■ Problem ■
Output the data below only from the line containing "Personalised Money Box" up to and including the line containing "Team members: Zhang", exact and with the pictures left out.
**** Provided records
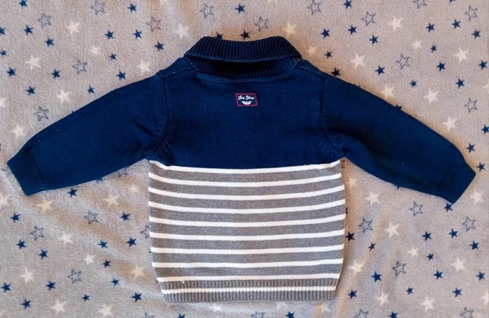 Gilet Tape à l'Oeil taille 6 mois en très bon état comme neuf couleur bleu marine et gris
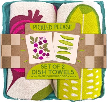 Brighten your kitchen with our Pickled Please Towel Set, featuring two of our signature 100% cotton dish towels: Beet It and Big Dill Pickle. Bundled in a gift-ready, biodegradable produce container and topped with our sleek NEW branded belly band, this set is as cute as it is practical. Made from all natural, unbleached cotton and screen-printed with eco-friendly inks, these towels are soft, absorbent, machine washable, and gentle on the planet. They’ll add personality to any kitchen and bring you a smile. Perfect for holiday gifting, birthdays, housewarmings, and more! They also make adorable (and sustainable) gift wrap too.
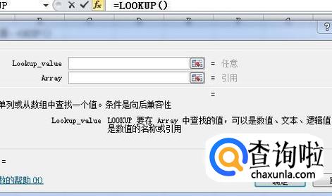 弹出插入函数对话框,接下来选择类别为全部,在下方的列表框中找到Lookup函数,点击确定。
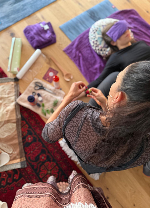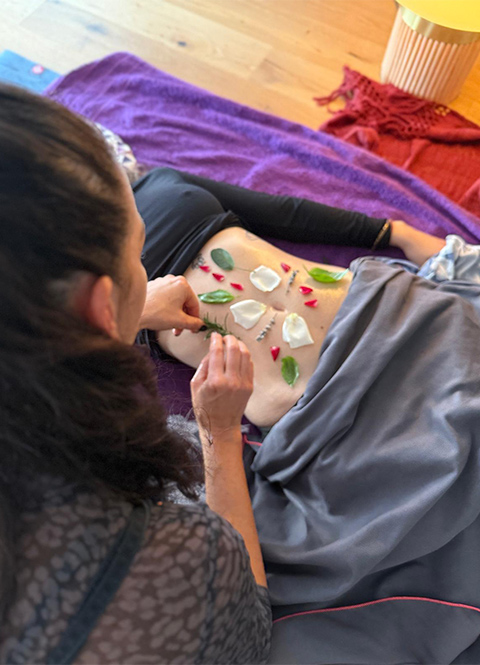 Avant le massage, le ventre se laisse enfin rencontrer. L’enveloppement aux plantes médicinales diffuse sa chaleur et sa sagesse, un souffle végétal qui caresse le corps et l’invite à se libérer. Ce premier contact ouvre l’espace, fait circuler l’énergie, et amorce doucement le mouvement de transformation. Un temps suspendu, un dialogue silencieux avec soi, où le ventre retrouve un peu de liberté.
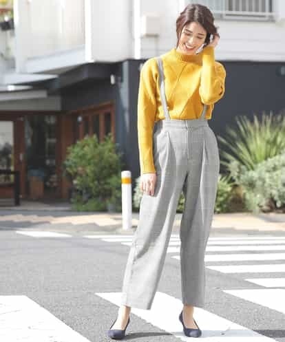 ◆注目のチェック柄パンツ◆人気のカラートライン入りグレンチェックを使ったきれいめワイドパンツ。シンプルデザインがニット合わせに万能です。サスペンダーは取り外し可能。
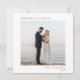 Elegante quadratische Urlaubskarte für Neuvermählte mit einem minimalen Design, das Ihr Foto, "Verheiratete Weihnachten", Ihren Namen und das Jahr in schlichter moderner Typografie zeigt.
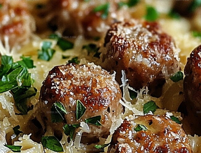 Succulent garlic butter sausage bites dance alongside crispy parmesan-coated pasta in this irresistible Italian-inspired comfort dish. Quick weeknight magic emerges when savory sausage meets buttery garlic, promising delicious satisfaction for hungry diners.
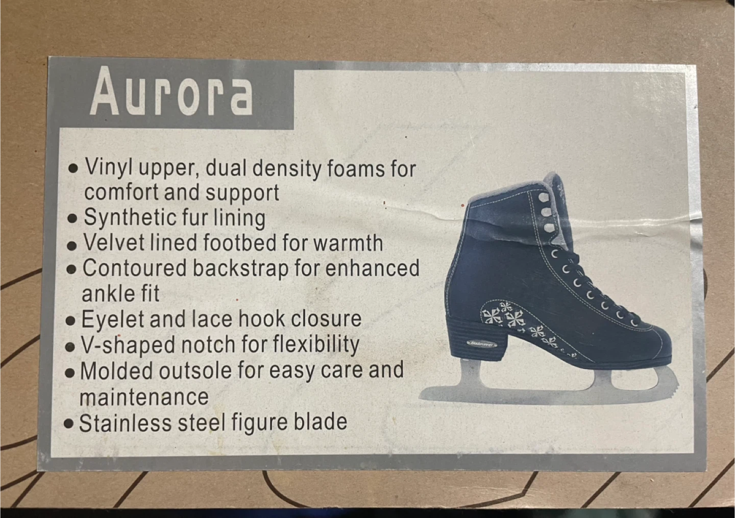 ((ORIGINALLY $165)) Used ONCE. These Bladerunner Aurora skates feature a vinyl upper with synthetic fur lining and a velvet lined footbed. They have an eyelet and lace hook closure and a stainless steel figure blade. Comfortable for recreational skating.
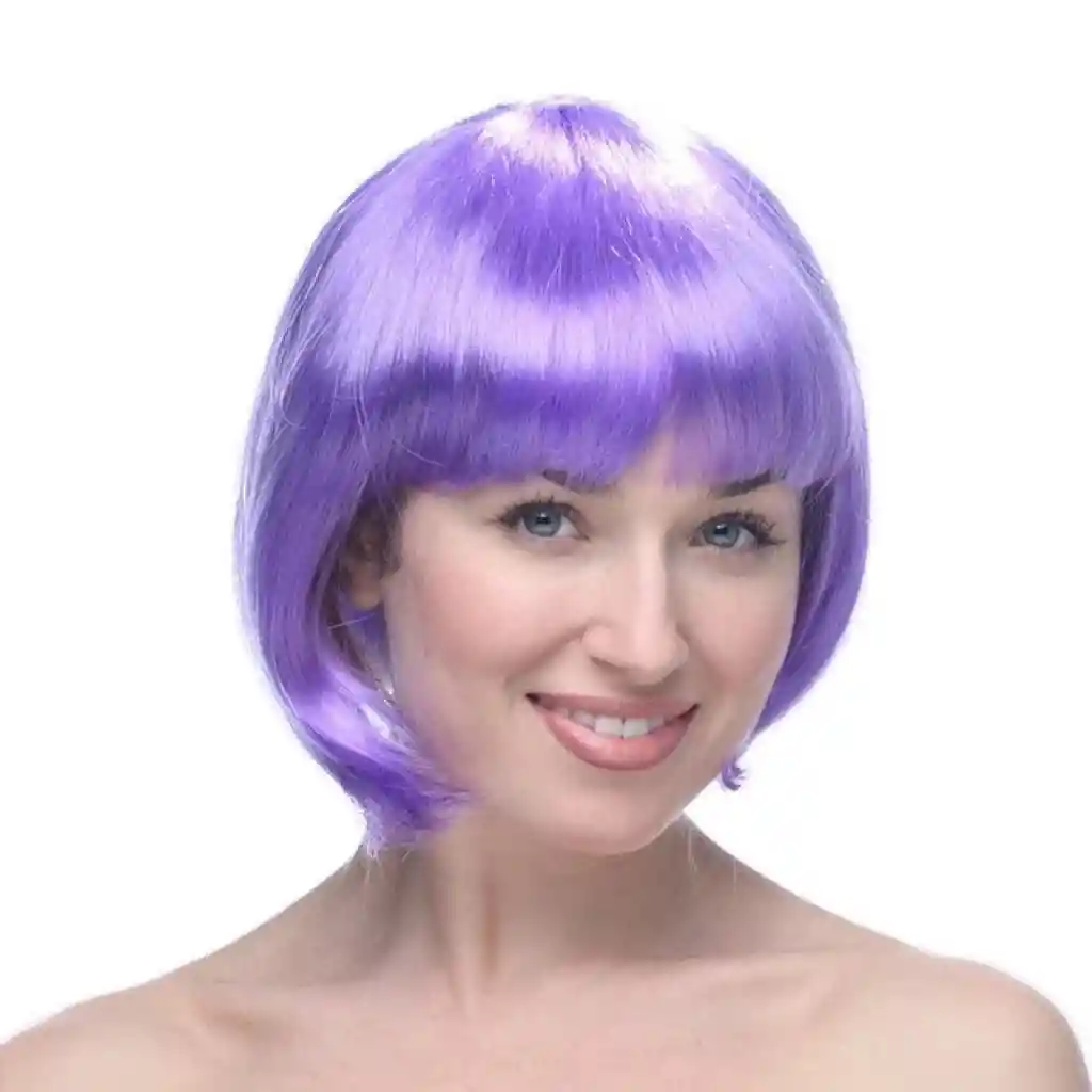 Lila Renk Kısa Model Parti Peruğu - Lila Renk Küt Saç
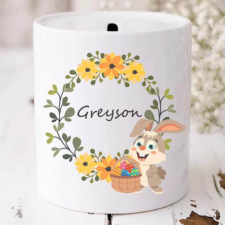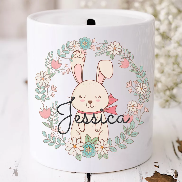 Personalised Money Box – Flopsy Rabbit Named – Bunny Gift – Custom Name
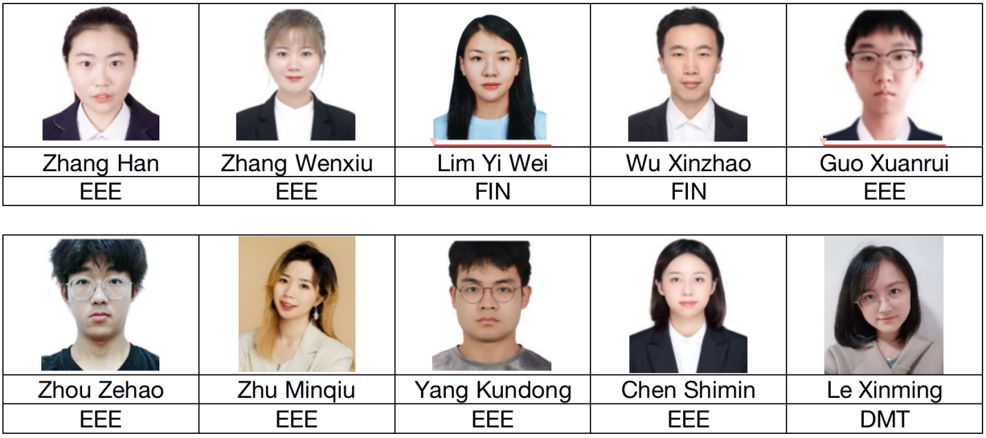 Team members: Zhang Wenxiu (EEE), Lim Yiwei (FIN), Wu Xinzhao (FIN), Guo Xuanrui (EEE), Zhou Zehao (EEE), Zhu Mingqiu (EEE), Yang Kundong (EEE), Chen Shimin (EEE), Le Xinming (DMT)
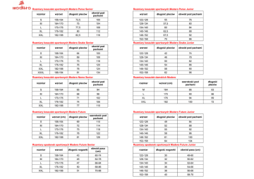 Rozmiary koszulek sportowych Modero Perso Senior Rozmiary koszulek sportowych Modero Perso Junior rozmiar wzrost długość pleców obwód pod pachami wzrost długość pleców obwód pod pachami S 158-164 72,5 100 122-128 55 76 M 164-170 75 104 128-134 57,5 80 L 170-176 77,5 108 134-140 60 84 XL 176-182 80 112 140-146 62,5 88 XXL 182-188 82,5 116 146-152 67,5 92 152-158 70 96 Rozmiary koszulek sportowych Modero Snake Senior Rozmiary koszulek sportowych Modero Snake Junior rozmiar wzrost długość pleców obwód pod pachami wzrost długość pleców obwód pod pachami S 158-164 64 100 122-128 42 74 M 164-170 69 108 128-134 46 78 L 170-176 73 116 134-140 50 82 XL 176-182 76 120 140-146 54 86 XXL 182-188 78 124 146-152 58 90 XXXL 188-194 81 134 152-158 62 96 Rozmiary koszulek sportowych Modero Nemo Senior Rozmiary koszulek damskich Modero rozmiar wzrost długość pleców obwód pod pachami rozmiar wzrost (cm) szerokość pod pachami długość pleców S 158-164 65 94 M 164 86 63 M 164-170 68 98 L 170 90 66 L 170-176 71 102 XL 176 94 69 XL 176-182 74 106 XXL 182 100 72 XXL 182-188 77 110 Rozmiary koszulek sportowych Modero Future Rozmiary koszulek sportowych Modero Future Junior rozmiar wzrost (cm) długość pleców S 158-164 69 szerokość pod pachami 110 M 164-170 72 114 128-134 52 88 L 170-176 75 118 134-140 55 92 XL 176-182 78 122 140-146 58 96 XXL 182-188 81 126 146-152 61 100 152-158 64 104 Rozmiary spodenek sportowych Modero Future Senior wzrost długość pleców obwód pod pachami 122-128 49 84 Rozmiary spodenek sportowych Modero Future Junior rozmiar wzrost długość nogawki obwód pasa (cm) S 158-164 43 60-74 122-128 30 48-60 M 164-170 45 62-78 128-134 32 50-62 L 170-176 47 66-84 134-140 34 52-64 XL 176-182 50 68-86 140-146 36 54-66 XXL 182-188 51 70-88 146-152 38 56-68 152-158 40 58-70 rozmiar długość nogawki obwód pasa (cm)
********
■ Response ■
 Personalised Money Box – Flopsy Rabbit Named – Bunny Gift – Custom Name
 Team members: Zhang Wenxiu (EEE), Lim Yiwei (FIN), Wu Xinzhao (FIN), Guo Xuanrui (EEE), Zhou Zehao (EEE), Zhu Mingqiu (EEE), Yang Kundong (EEE), Chen Shimin (EEE), Le Xinming (DMT)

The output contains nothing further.